Where It Lives and What It Covers

The Socratic Tutor lives inside the iatroX Pro Q-bank — accessible on web and mobile (React Native app for iOS and Android). It covers every exam in the iatroX catalogue.

Free UK core exams: PLAB 1, UKMLA, MRCGP AKT, MRCP Part 1, MRCEM, PSA — accessible at no cost. The Q-bank questions are free; the Socratic Tutor is a Pro feature that adds diagnostic, question-first tutoring on top of the free questions.

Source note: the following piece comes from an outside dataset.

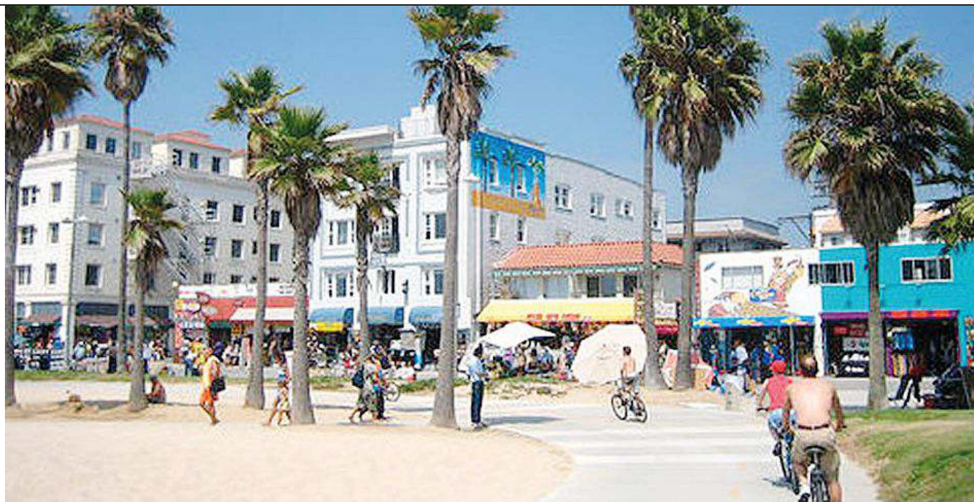
Venice Beach in California. Sotto, un'immagine di Naples in Florida e di Rome in Georgia: sono le città "italiane" in America

Dalla parte opposta dell'oceano Verona, New Jersey, dove fino al 2013 operava la Annin, la più grande e antica azienda produttrice di bandiere degli Stati Uniti: partendo da qui milioni di stelle e strisce sono state consegnate alla storia, fissando momenti memorabili. Nello stabilimento di Verona è stata confezionata la bandiera lasciata sulla luna dopo il primo sbarco, così come quella issata dai militari americani a Iwo Jima dopo la vittoria sui giapponesi e, non fosse sufficiente la suggestione, quella che l'11 settembre si trovava nei pressi della torre sud del World Trade Center. Travolta dai detriti, aveva resistito stoicamente diventando un simbolo

Premium specialist and international exams: SCEs (13+ specialties), specialist diplomas (FFICM, DipIMC, DTM&H, DFSRH, DRCOG, DGM), MRCPCH (FOP/TAS/AKP), MRCPsych (A/B), FRCA (Primary/Final), GPhC CRA, dental exams (ORE Part 1, MFDS Part 1, NDEB AFK), US boards (USMLE Step 2 CK, Step 3, ABFM, ABIM, ABEM), Canadian exams (MCCQE Part I, CCFP, RCPSC), Australian exams (AMC CAT, RACGP AKT, RACP, ACEM), and Italian SSM. £29/month or £99/year — one subscription covering all exams.

The tutor connects to the adaptive engine: concepts you struggled with during the Socratic session feed back into spaced repetition scheduling, resurfacing at optimal intervals for retrieval practice. Anki export is available at /anki for trainees who want self-directed spacing alongside the platform's adaptive scheduling.